> [Activity]
Begin with the line below holding "Las masacres han sido una constante." and go on through the line holding "Zwischendecke horizontal geteilt", duplicating each line exactly and leaving out pictures.

___ Data in this exercise ___

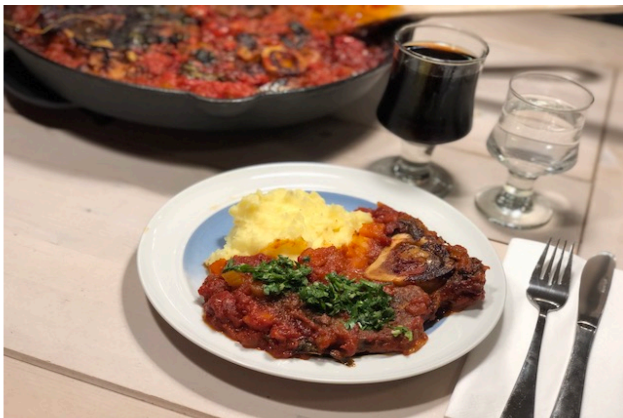
Osso Buco - italiensk simreret med kærlighed

forberedelsestid ca. 30min. tilberedningstid: ca. 4,5 timer.
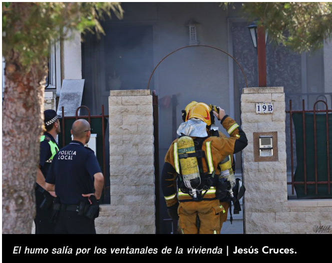
El humo salía por los ventanales de la vivienda | Jesús Cruces.

Por suerte la presencia en el momento del inicio del fuego de una patrulla de la Policía Nacional ha permitido el rápido desalojo de la zona y que no haya habido que lamentar heridos. El fuego ha calcinado por completo el garaje, en el que se encontraba además del vehículo, una motocicleta, así como varias máquinas de hacer ejercicio.
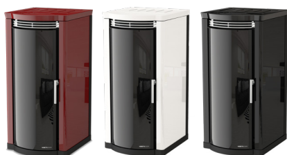
Bordeaux Bordeaux - Bordeaux Bordeaux - Bordeaux Bianco White - Blanc - Blanco - Weiß Nero Black - Noir - Negro - Schwarz

Ventilazione Frontale - Uscita Fumi Posteriore Front Ventilation - Rear Exhaust Fume Outlet - Ventilation Avant - Sortie De Fumée Arrière - Ventilación Frontal - Salida De Humos Trasera - Front Gebläse - Rauchausgang Hinten
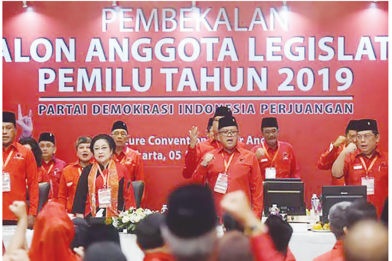
UNTUK KEMENANGAN PILEG: Ketua umum dan pendiri Partai Demokrasi Indonesia Perjuangan (PDIP) Megawati Soekarno Putri melakukan konsolidasi partai bersama ribuan kader.

Penolakan serupa juga disampaikan PPP. Wasekjen PPP Achmad Baidowi mengatakan jika ambang batas parlemen bertambah, maka jutaan suara rakyat akan sia-sia.
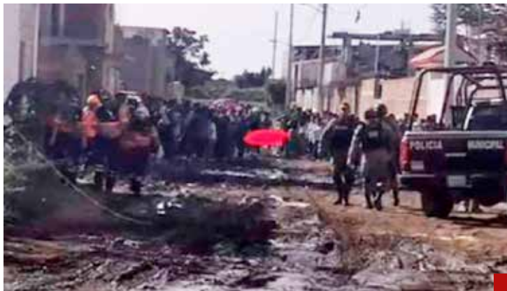
Las masacres han sido una constante.
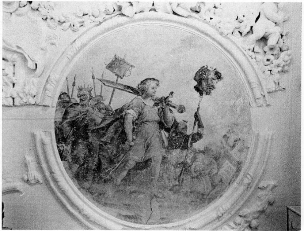
Abb. 3: David im Triumphzug mit dem aufgespießten Haupt des besiegten Goliath.

Zwischendecke horizontal geteilt gewesen sein, denn bereits für das Jahr 1890 findet sich ein Hinweis, daß eine glatte Putzdecke eingezogen worden war. 19 In einem 1909 veröffentlichten Beitrag über den künstlerischen Schmuck des Klosters Fürstenfeld im Brucker Wochenblatt bestätigt Hofkaplan Aumiller den Verlust der Saaldecke, schreibt er doch nach seinem Hinweis auf das von Asam geschaffene Deckenfresko und dessen Bezahlung, daß die Decke nicht mehr vorhanden sei. 20
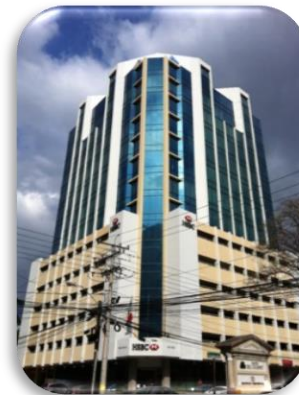
Embajada de México en Panamá

Teléfono de emergencia: (507) 6704-6215.
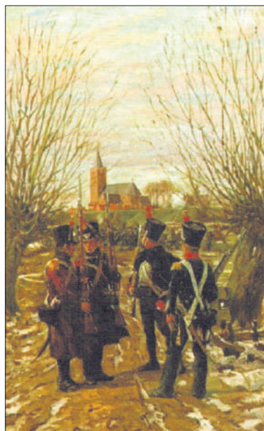
■ Amsterdamse schutterij bij Naarden met nog Franse uniformen. Schilderij van J. Hoyck van Papendrecht.

TEKST: GEMEENTEAR-
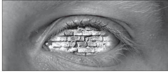
fol. P. Życierski
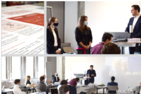
Lehrveranstaltung «Corporate Entrepreneurship»
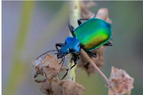
Name: Grosser Puppenräuber
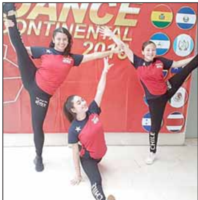
Algunas de las integrantes femeninas muestran sus habilidades en el arte de la danza.

mundiales, ya empezamos a generar actividades casi todos los meses para tener siempre fondos para este tipo de actividades: bingos, galas, rifas y desde un tiempo a esta hora empresas han sido nuestros auspiciadores, que eso nos ayudó bastante a conformar y reunir todos los fondos que necesitábamos.
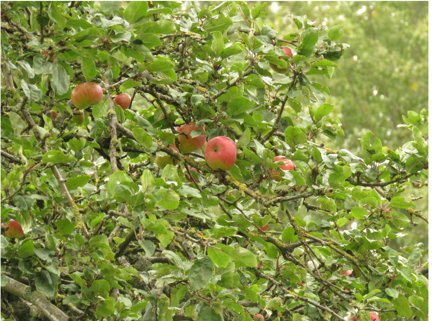
Oude boom in boomgaard 'Reinges' te Hezijde (Lebbeke)
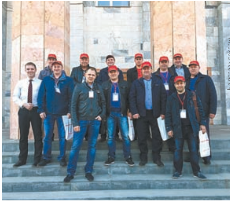
Делегация Алтайского края.

– Мы уже восьмой год пользуемся техникой производства Ростсельмаш. У меня шесть комбайнов VECTOR, еще одну уборочную отработают, и нужно будет менять на новые. Я не первый раз участвую в поездках, организованных Торговой ком-
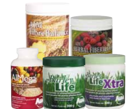
(1) 5570F, (2) 5571F, (3) 5572F et (4) 5573F 78 PV
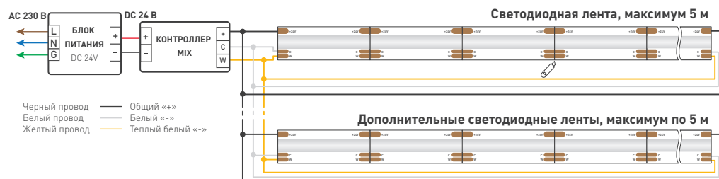
Схема 1. Подключение нескольких светодиодных лент с двух сторон
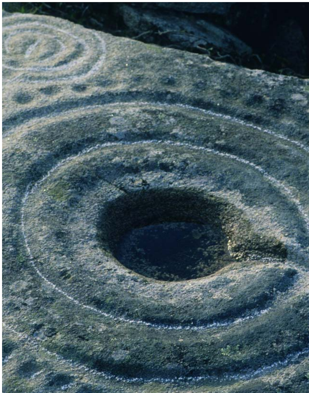
Petroglifo da Idade de Bronce (Muros). | Petroglifo de la Edad de Bronce (Muros).
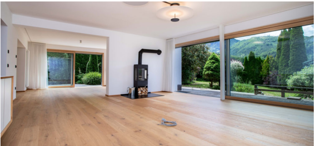
Großer heller Wohnbereich mit Schwedenofen
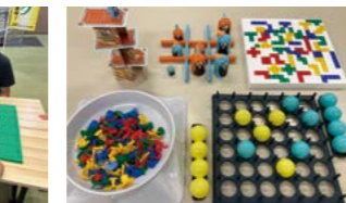
おなじみのボードゲーム

11月17日(日)、岐阜県で初めてマ ンカラの全国大会が安八町で開催され ます。「初めての方も経験者も参加で きる全国大会！マンカラで目指せ日本 一!!」のキャッチコピーのとおり、誰 でも参加できます。マンカラは世界最 古のボードゲームのひとつで、アフリ カや中近東、東南アジアなど世界で親 しまれています。ルールはシンプルで すが、初めての方でも「先を読む楽し さ」や「駆け引きの面白さ」などその 奥深さに魅了されること間違いなし。 子どもから大人まで、世代を超えて楽 しむことができます。
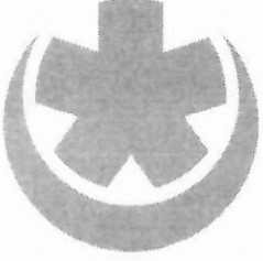
TİP1 UMKE LOGOSU: 175x150cm
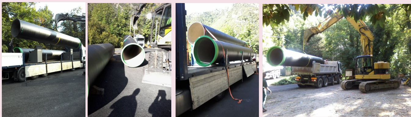
Déchargement des canalisations (Ø1200) destinées au stockage tampon des eaux sales de l'usine sur le parking de Casteil

OCTOBRE 2016 - Travaux de terrassements et pose de réservoirs tampons
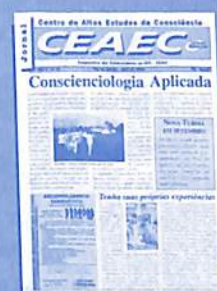
N° 45: nossa equipe destaca mais um projeto marcante: o curso de Conscienciologia Aplicada
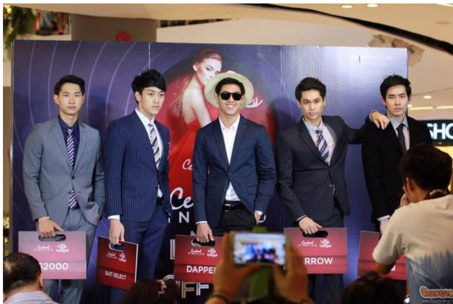
รูปที่ 4.7 ภาพบรรยากาศการเดินแบบแฟชั่น
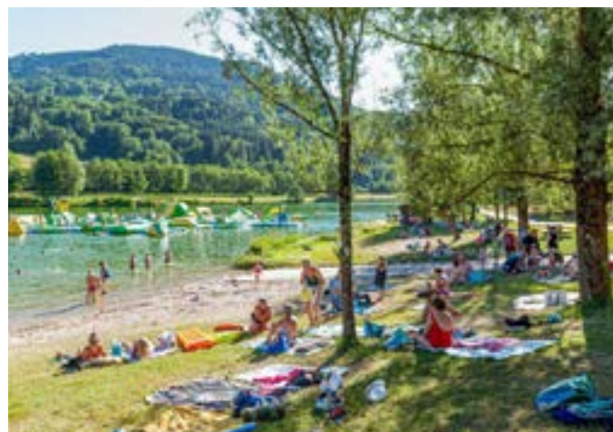
La Moselotte : Plage et activités
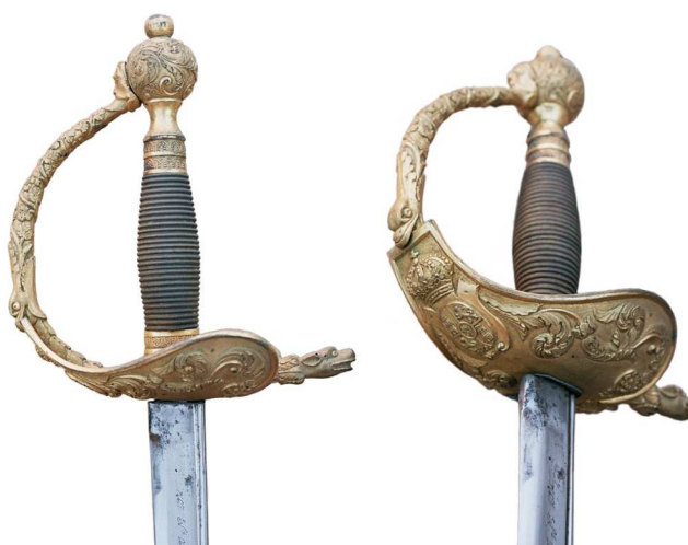
ESPADA DE OFICIAL GENERAL, Md. 1870. EMPUÑADURA EN LATÓN, LABRADA Y SOBREDORADA, GUARNICIÓN A CONSIDERAR EVOLUCIÓN DE LA DE COQUILLA, CON ARMAS DE ESPAÑA. LA HOJA ANTIGUA (771 x 23 mm) INSCRITA EN ANVERSO “Fabrica Nl. de Toledo, Año de 1845”. FILO EN MESA AL EXTERIOR, LOMO REDONDO CON CANAL CONTIGUO EN LOS DOS PRIMEROS TERCIOS, DOBLE FILO EN EL ÚLTIMO.
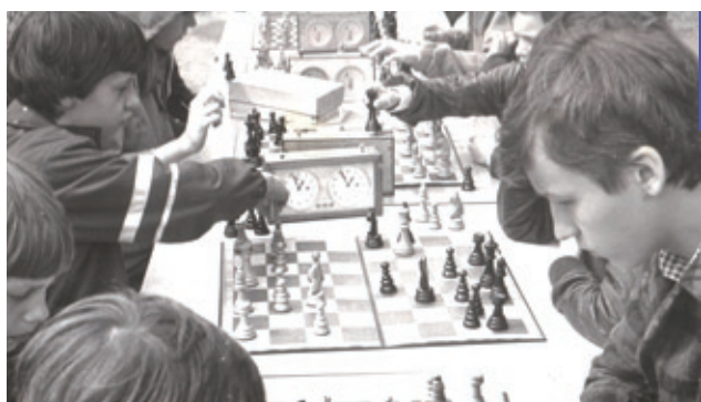
Osiedlowy turniej szachowy
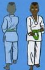
(De dos) 28 Ané Maki (vu de face) OWIN AP SOGŬI
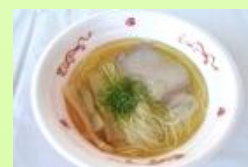
町田汁場 しおらーめん進化
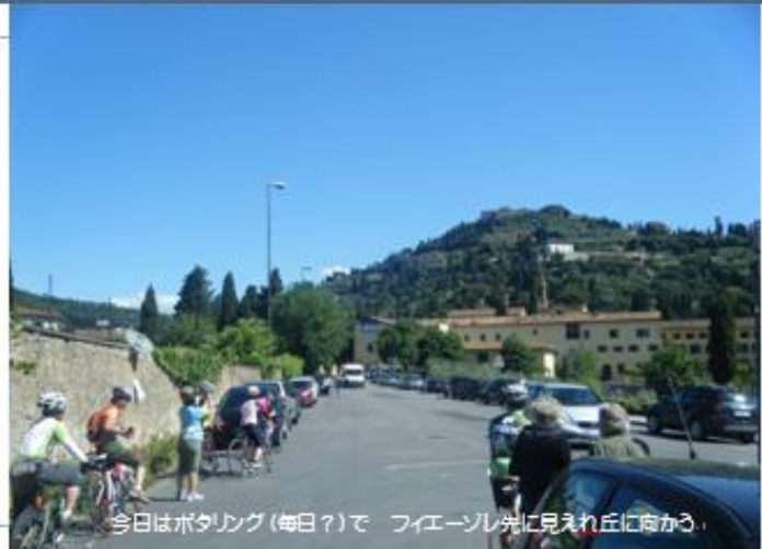
今日はポタリング(毎日?)で フィエーソ先に見えれ丘に向かう。

___

> [Written answer]
Las masacres han sido una constante.
Abb. 3: David im Triumphzug mit dem aufgespießten Haupt des besiegten Goliath.

Zwischendecke horizontal geteilt gewesen sein, denn bereits für das Jahr 1890 findet sich ein Hinweis, daß eine glatte Putzdecke eingezogen worden war. 19 In einem 1909 veröffentlichten Beitrag über den künstlerischen Schmuck des Klosters Fürstenfeld im Brucker Wochenblatt bestätigt Hofkaplan Aumiller den Verlust der Saaldecke, schreibt er doch nach seinem Hinweis auf das von Asam geschaffene Deckenfresko und dessen Bezahlung, daß die Decke nicht mehr vorhanden sei. 20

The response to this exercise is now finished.